When examining whether indirect discrimination on the grounds of religion or belief resulting from an employer’s rule is appropriate and necessary, the right to freedom of thought, conscience and religion recognised by the Charter of Fundamental Rights and the European Convention on Human Rights may not be taken into account. However, a national court may apply national constitutional provisions that protect the freedom of religion which, in effect, lay down an additional requirement for justifying an employer’s rule, provided those provisions do not undermine the principle of non-discrimination laid down in the Equal Treatment Framework Directive (2007/78/EC).
Technology: TUC pushes for restrictions on use of artificial intelligence in workplace
On 25 March 2021, the TUC published a report urging the government to introduce new legal protections for workers exposed to the use of artificial intelligence (AI) in the workplace. The report, based on a study by the AI Law Consultancy, claims that workers are currently at risk of being “hired and fired” by potentially discriminatory algorithms. Indeed, the TUC’s general secretary Frances O’Grady has warned that algorithms, which have been used more widely since the start of the COVID-19 pandemic, could lead to “widespread discrimination and unfair treatment”, particularly for gig economy workers and those in insecure work.

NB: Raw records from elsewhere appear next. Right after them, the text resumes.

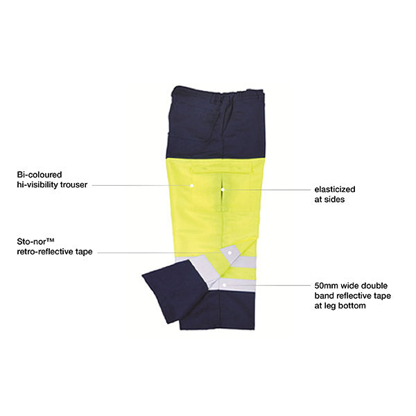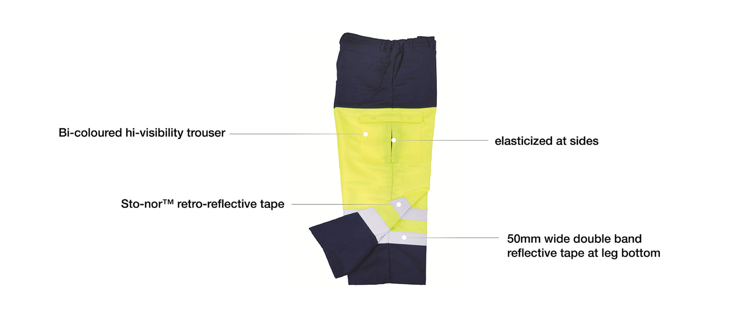 - Sto-nor™ retro-reflective tape Bi-coloured hi-visibility trouser 50mm wide double band reflective tape at leg bottom elasticized at sides Two sides pocket One patch pocket at back Leg pocket with flap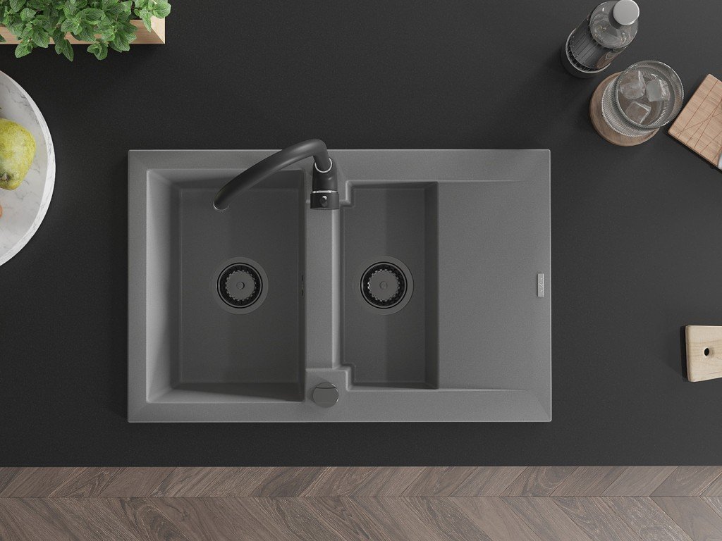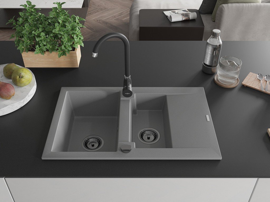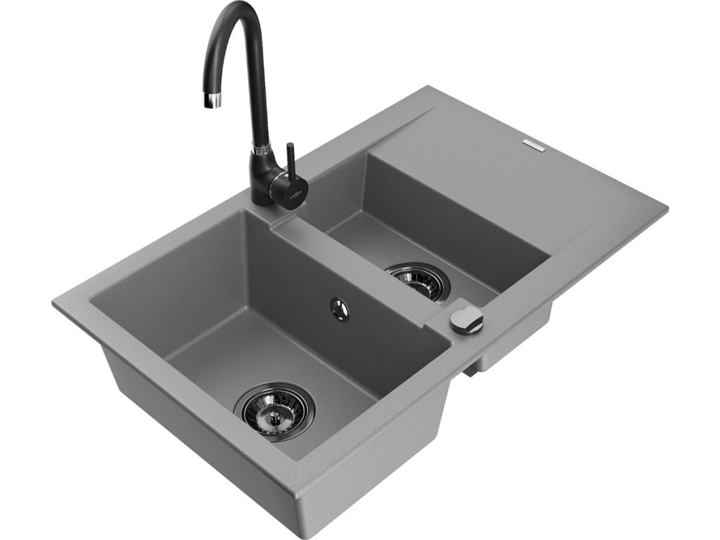 MEXEN/S - Gaspar granitový dřez 1.5 s odkapávačem včetně baterie Telma, šedá 6507-71-670200-70-B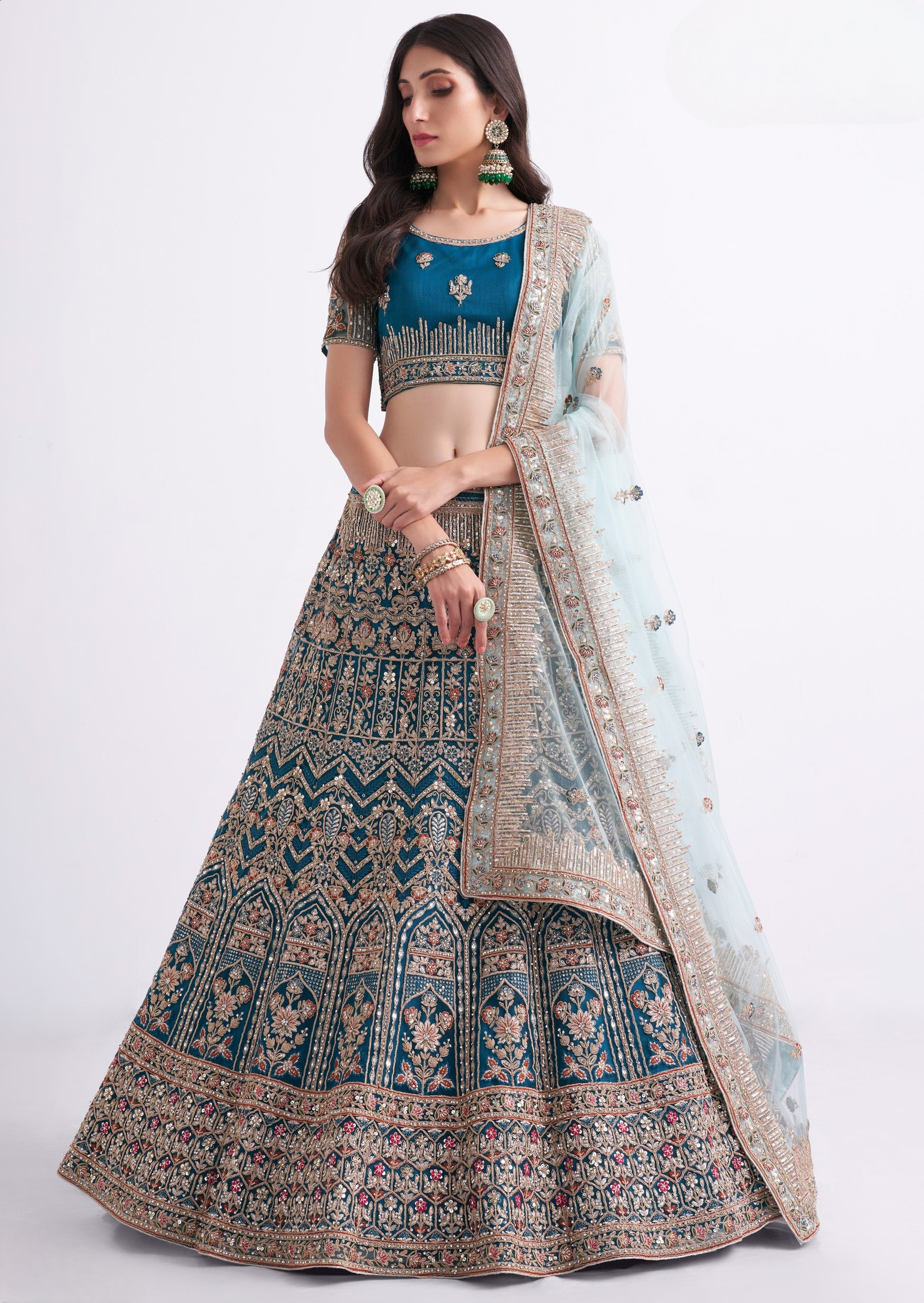 Aegean Blue Heavy Embroidered Georgette Designer Lehenga

This issue was highlighted recently when Uber was criticised after its AI software for facial identification reportedly failed to accurately identify dark-skinned faces, resulting in many workers being unable to access its app and find jobs. The software uses a photo comparison tool to compare pictures of drivers with photos held on its database when the contractors open the app, to prove they are the person who has logged on. Tests have shown that the software used by Uber has a failure rate of 20.8% for darker-skinned female faces and 6% for males.